Название: Re: Новости медицины и здравоохранения
Отправлено: vesta-1 от 26 Ноябрь 2015, 08:25:44
.
Название: Re: Новости медицины и здравоохранения
Отправлено: vesta-1 от 26 Декабрь 2015, 21:22:44
Непочетное  место.
Опять российское здравоохранение назвали, если не самым плохим, то предпоследним среди полусотни. Лидером рейтинга эффективности систем здравоохранения среди стран с населением более 5 миллионов Bloomberg назвал Гонконг, где продолжительность жизни 83,8 года, а здравоохранение имеет 5,2% ВВП.

Каждый гонконгский гражданин вправе рассчитывать, что на его здравие государство внесёт 1 856 долларов США. И дело совсем не в деньгах, хоть всяческие оппозиционеры ставят во главу угла именно их, а в чём-то другом, и не факт, что система оказания медицинской помощи тоже имеет превалирующее влияние, ведь генетические особенности всё же сильнее.

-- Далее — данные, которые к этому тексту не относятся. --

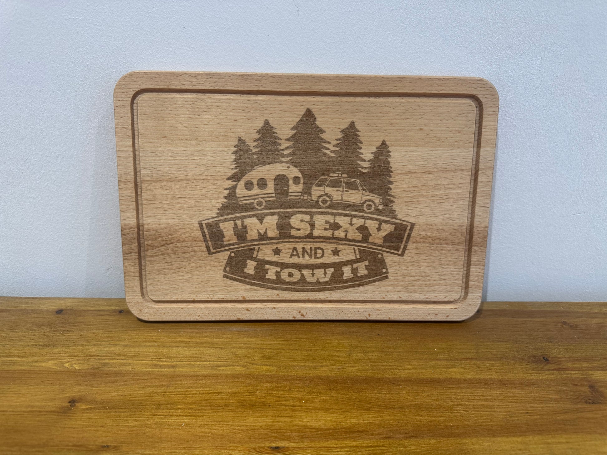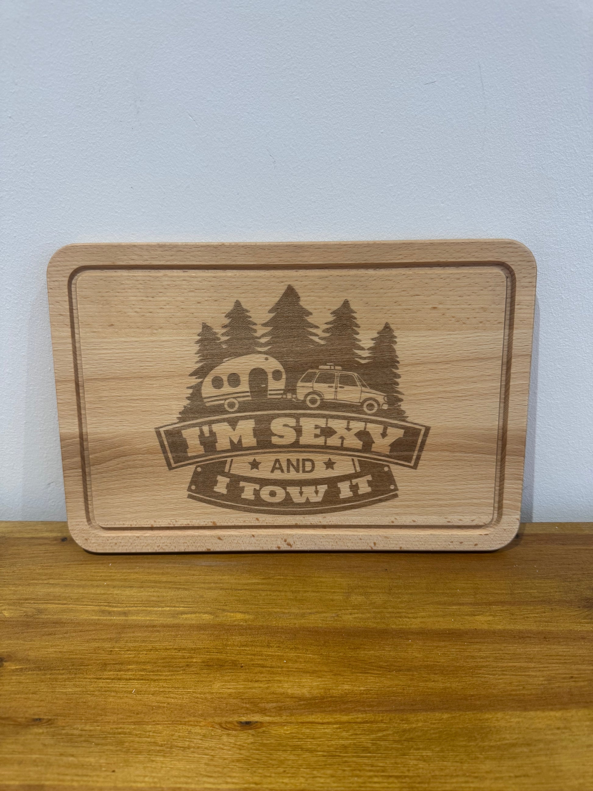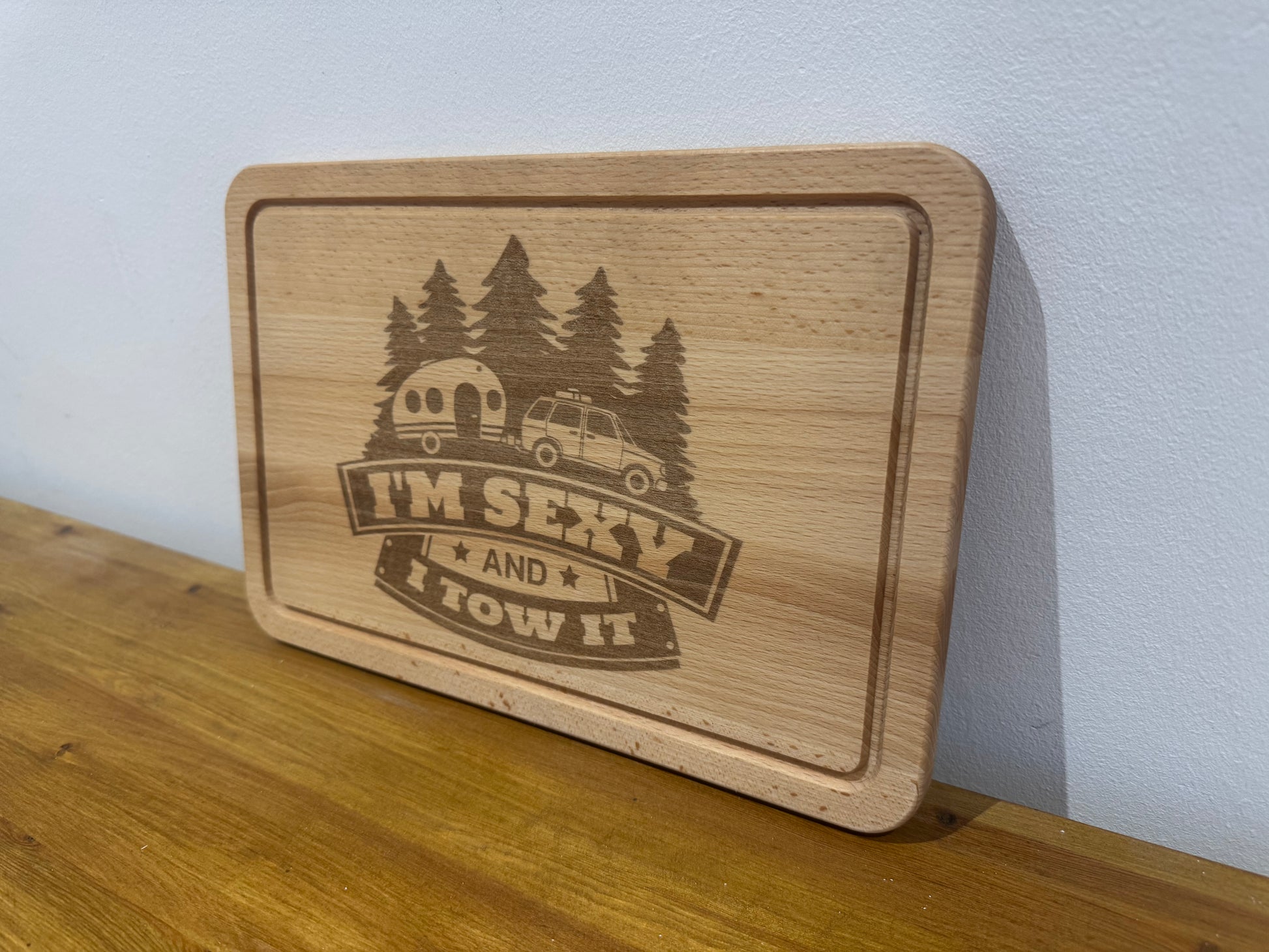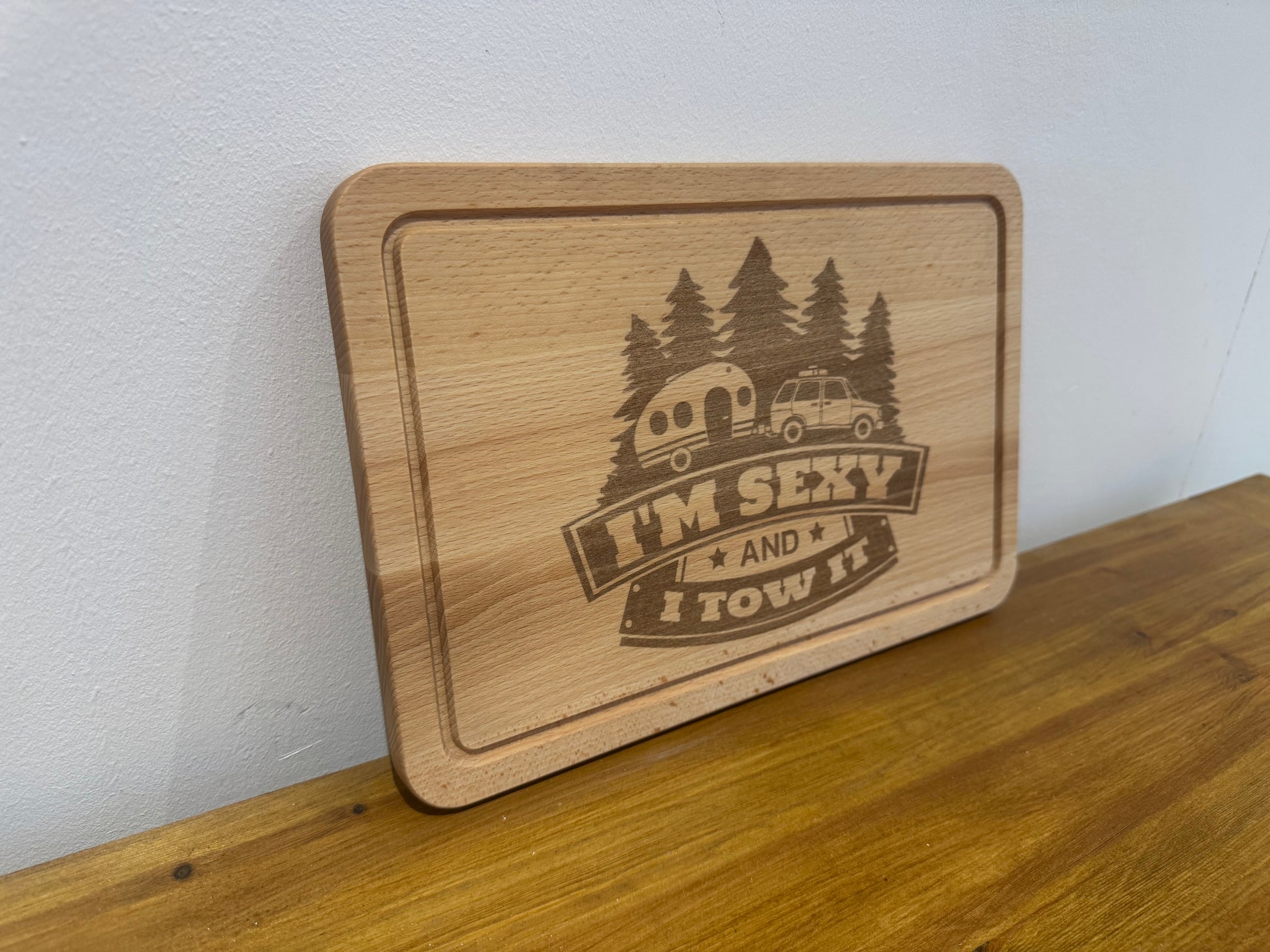 I'm sexy and I tow it chopping board, Cutting board. Caravan chopping board. Gift, birthday, anniversary, wedding, fathers day, mothers day

Сингапур на здравоохранение отпускает 4,5% ВВП и на душу населения 2 507 долл., однако, утратил прошлогоднее первое место, удовлетворившись вторым. Израиль, поддерживающий слух про собственную самую лучшую медицину, в табели только третий с подушевым ежегодным взносом 2 599 долл., то есть в 1,4 раза больше гонконгского. Норвегия тратится по 9 715 долл. на человека и занимает 16 место, Швейцария – 9 276 долл. и 11 место, а США только 44 места с 9 146 долл. Малайзия со своими 423 долларами в рейтинге идёт сразу же после Великобритании, правительство которой не жалеет на каждого гражданина по 3 598 долл. (17 место) и Франции с 4 864 долл. (18 место). Дело, видимо, совсем не в деньгах.

У России непочётное 54 место, а затраты на гражданина 957 долл., тогда как у Беларуси в два раза меньше – 463 долл., а место-то 47. Вот в Москве продолжительность жизни самая высокая в стране: 77 лет в среднем живёт мужчина и 81 год - женщина, и от общероссийской средняя продолжительность ушла на 6,5 лет. В этом году впервые в истории города тысяча столичных граждан отметила 100-летний юбилей, правда, все чаще врачи сталкиваются с теми болезнями, до которых ранее пациенты не доживали, с болезнью Альцгеймера, к примеру.

«Применение новых технологий и высокотехнологичного оборудования сократило на 50% уровень смертности в части материнства и детства, позволяет выявлять сложные заболевания на раннем этапе, открытая инфарктная сеть - проводить ангиопластику 88% людей с острым коронарным синдромом. И количество операций, сделанных с помощью высоких технологий, будет только расти. Так, в будущем году из бюджета города на эти цели выделено 5 миллиардов рублей», - уверен вице-мэр Леонид Печатников.

Мы привыкли предъявлять претензии к родной службе здоровья, но к нам тоже едут медицинские туристы из Италии, Великобритании, Германии, США и Израиля. Едут не за всем, но за очень главным – за репродуктивными технологиями. Больше половины ЭКО-туристок составляют итальянки, 19% - англичанки, не готовые ждать годами помощи от собственных докторов. Израильтянки против жестких возрастных ограничений, устанавливаемых на родине, у российских репродуктологов с Земли Обетованной каждая шестая иностранка. Набирает обороты и стоматологическая помощь иностранным гражданам.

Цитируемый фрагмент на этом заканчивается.